Most of Jabil’s factories are used to produce products for several customers, Wilson said, and the Guadalajara facility could be repurposed in the future as well. “It’s a good investment for the longer term because we think the market we are going to capture will be a big one, and you have to be prepared.”

Jabil also is using Magic Leap One to train production-line operators and to support them through complex operations, in order to scale up and get products to market quickly.

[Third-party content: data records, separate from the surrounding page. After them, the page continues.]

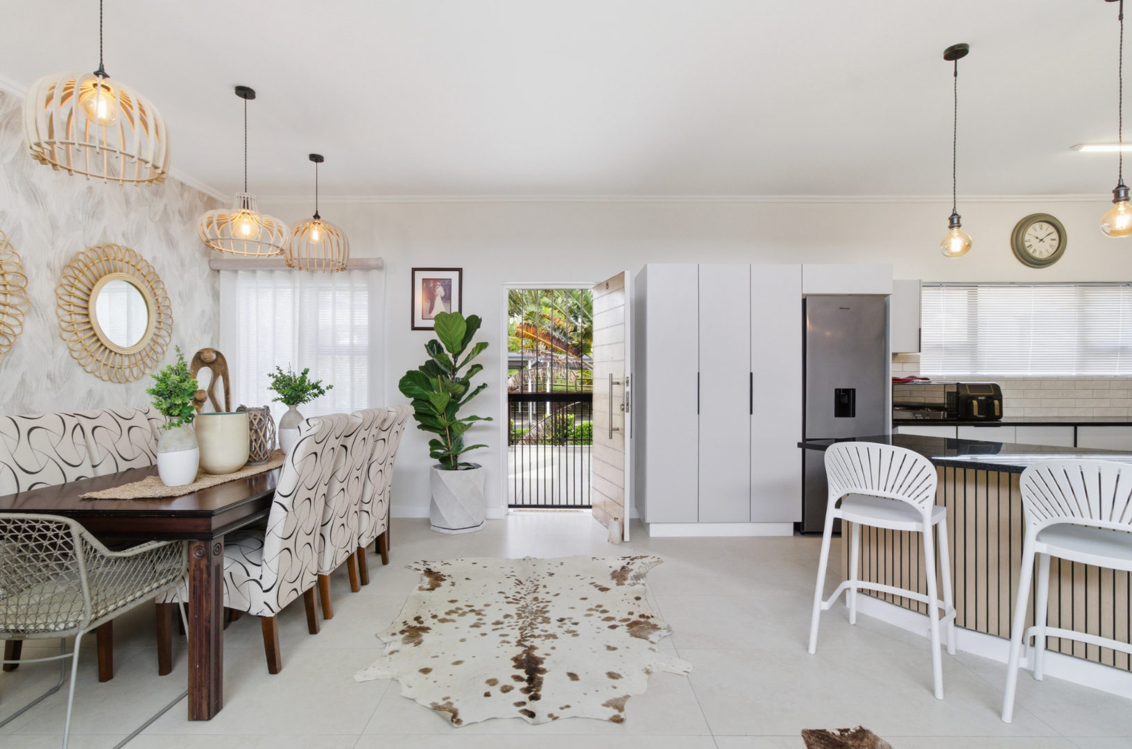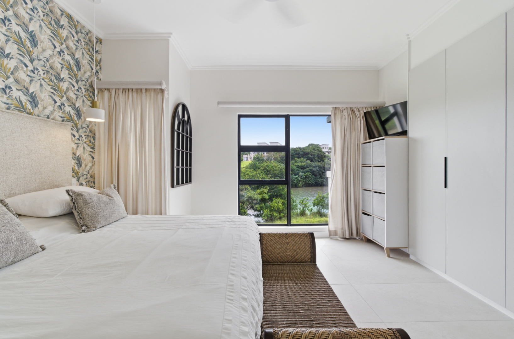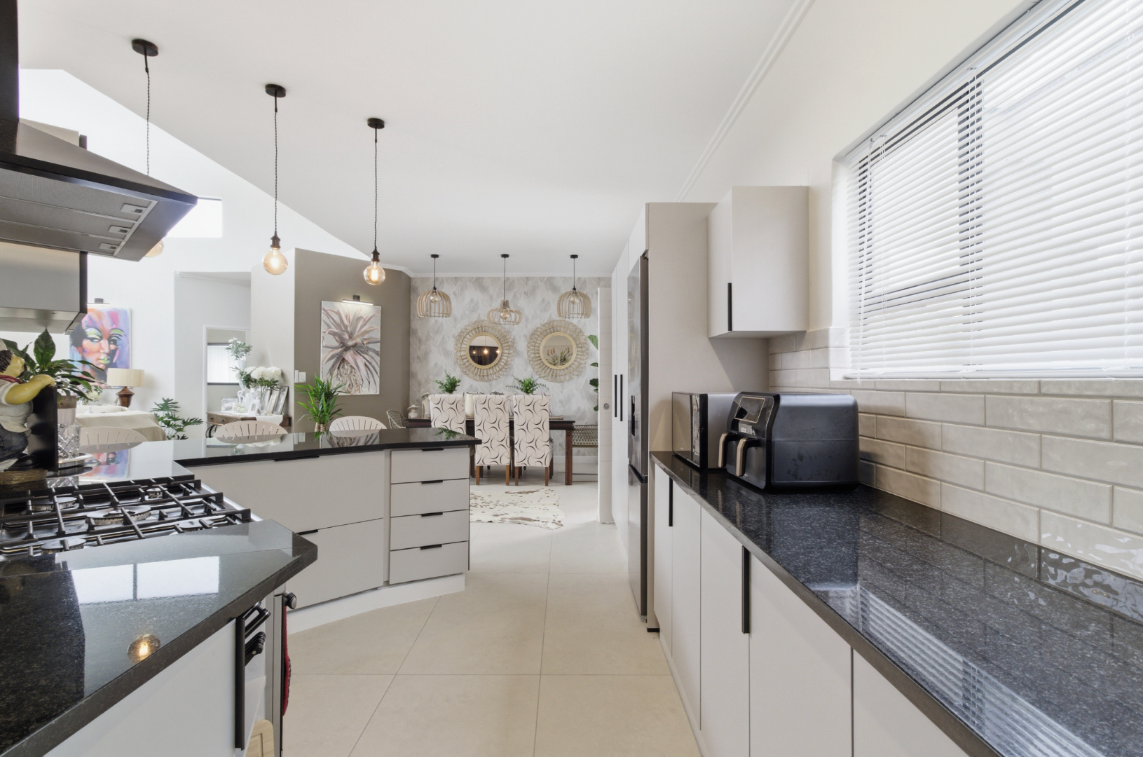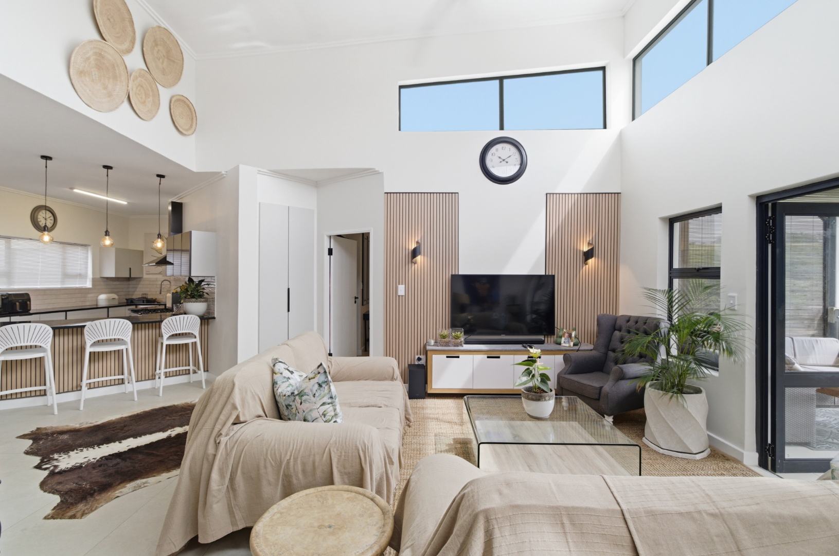 Step inside to discover a light-filled open-plan living space where the contemporary kitchen flows effortlessly into the dining and lounge areas, creating a welcoming environment ideal for both relaxed everyday living and effortless entertaining. Large sliding doors open onto a covered patio, where uninterrupted views across the dam provide the perfect backdrop for morning coffee or evening sundowners.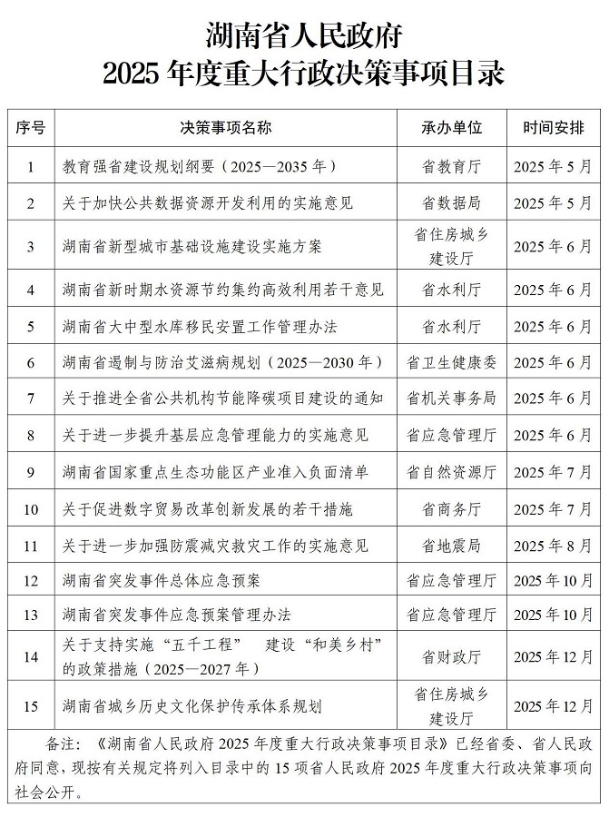 湖南省人民政府办公厅关于印发《湖南省人民政府2025年度重大行政决策事项目录》的通知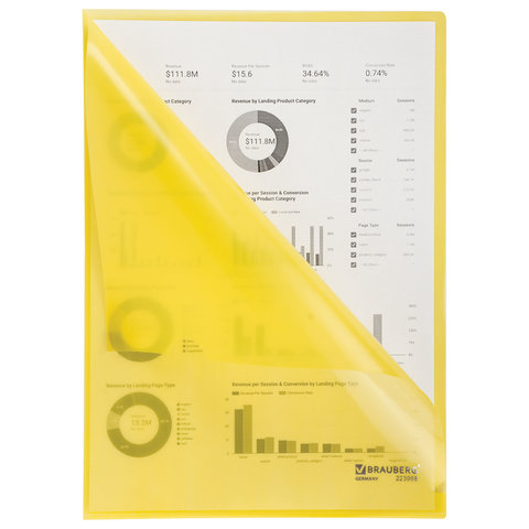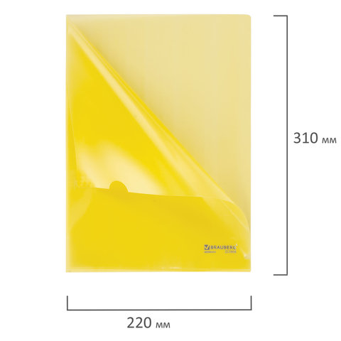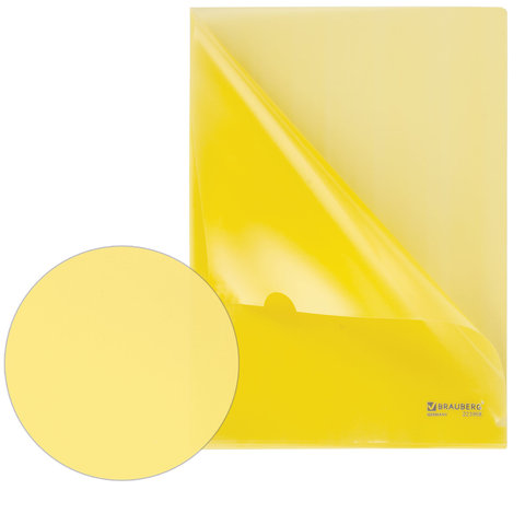 Папка-уголок жесткая BRAUBERG, желтая, 0,15 мм, 223968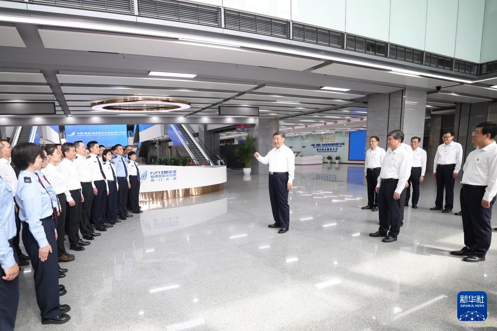 10月15日至16日,中共中央總書記、國家主席、中央軍委主席習(xí)近平在福建考察。這是16日上午,習(xí)近平在中國(福建)自由貿(mào)易試驗(yàn)區(qū)廈門片區(qū)考察時(shí),同綜合服務(wù)大廳窗口工作人員親切交流。新華社記者燕雁攝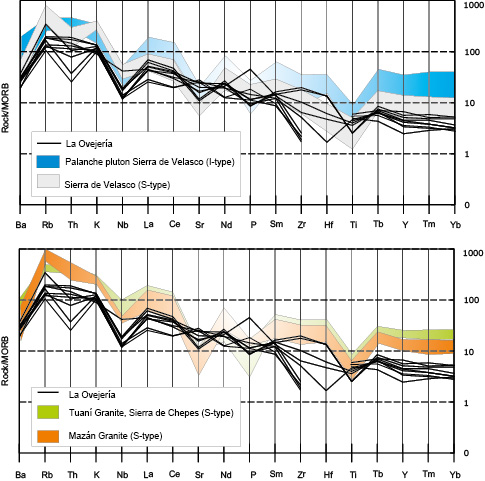 Thompson normalization plot rock/MORB. La Ovejería pluton is compared with other S- and I-type regional granitoids. In general, La Ovejería shows lower trace element contents than the comparative I- and S-type granitoids.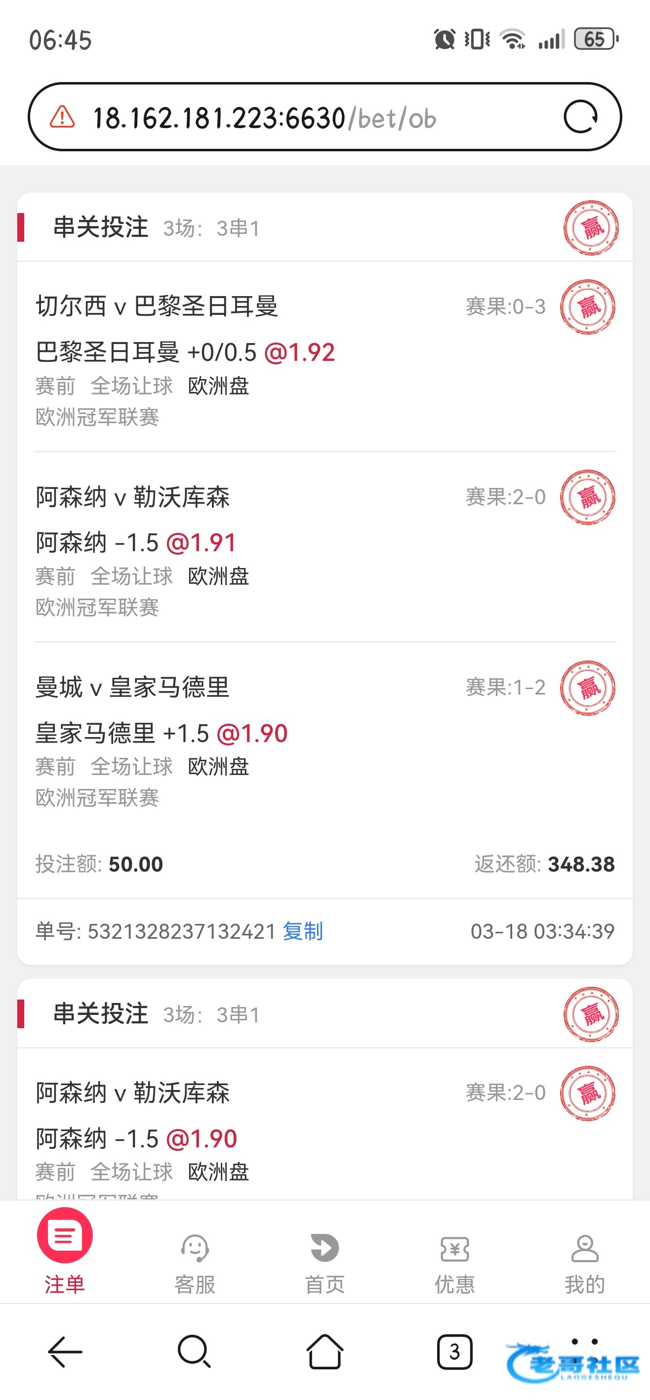 继续摁个3串1波胆,就当捐款,中了发200倍本金红包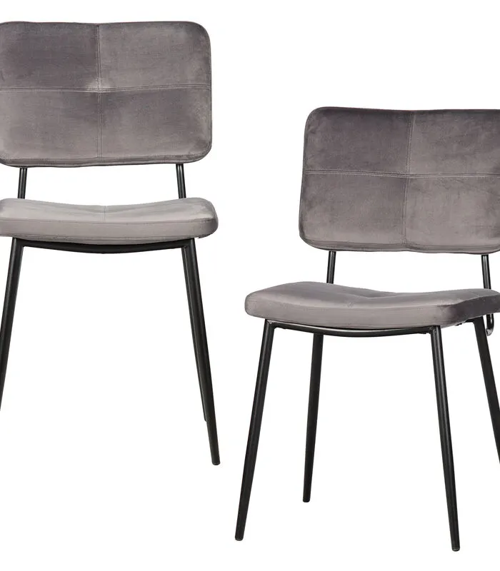 WOOOD Kaat Eetkamerstoel – Velvet – Antraciet – Set Van 2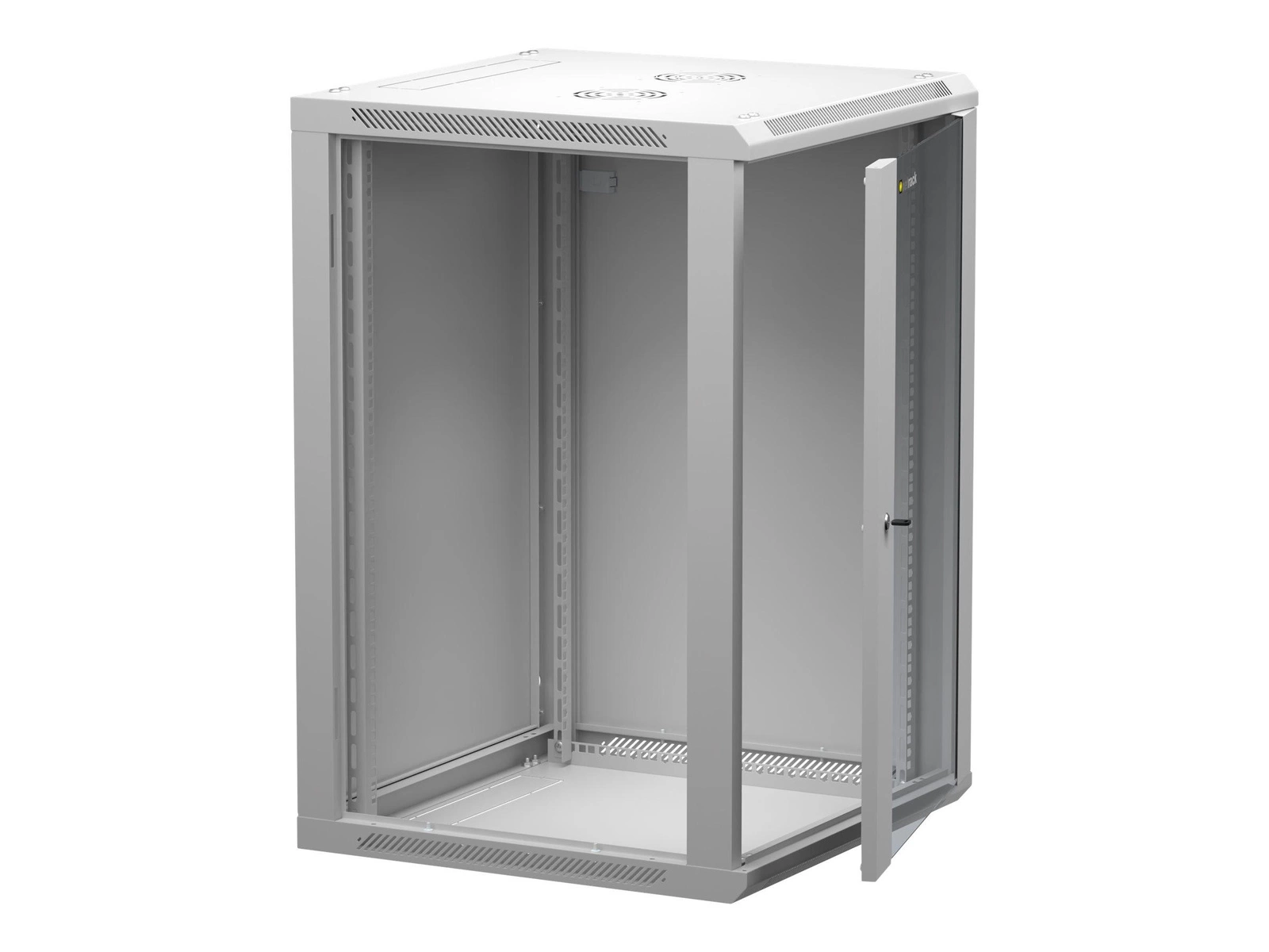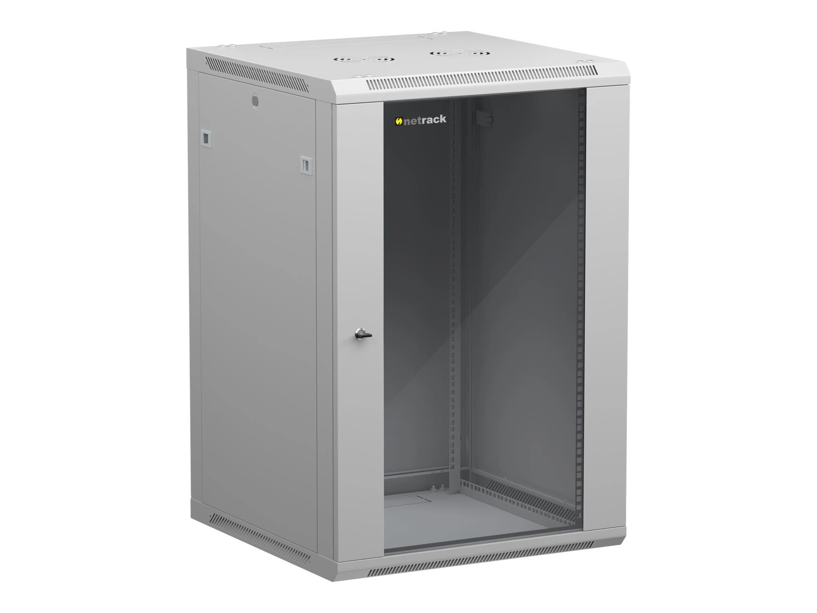 NETRACK 019-180-66-021 Netrack szafa wisząca 19, 18U/600x600mm – szary, drzwi szklane, otwierane boki

“If the only way we can train our people is by putting their hands on hardware and you don’t have the hardware available, then how are you going to train people? So, we can use the headsets that we make to train the people to make more of them, or to make other products,” Wilson said. “This can be deployed seamlessly and we can do it in different languages. We can be training people in Mexico or in Europe or in Asia and we’ll get up to speed much quicker.”

Paving the way for other tech firms

The processes and technologies Magic Leap and Jabil are bringing to life haven’t previously existed, so there’s close collaboration between the two companies, Wilson said.

“If you sat in a meeting with Magic Leap and Jabil, you wouldn’t know who was a Magic Leap guy and who was a Jabil  guy,” Wilson said. “If you can take the sum of what Jabil’s best at and what the customer is best at … then  ultimately the solution is going to be better.”

The collaboration between two leading Florida companies is a promising development for the state and for technology in general, said Ken Evans, managing director of the Tampa Bay Innovation Center.

“Having a big name manufacturer work with an emerging tech company through their product journey and help optimize their manufacturing and packaging process/logistics is the type of collaboration that paves the way for other tech companies,” Evans said.

The deal sends a signal about the tech industry in Florida, according to Wilson.

“We can execute something that really is leading edge and new to the world and not coming out of [Silicon] Valley,” he said.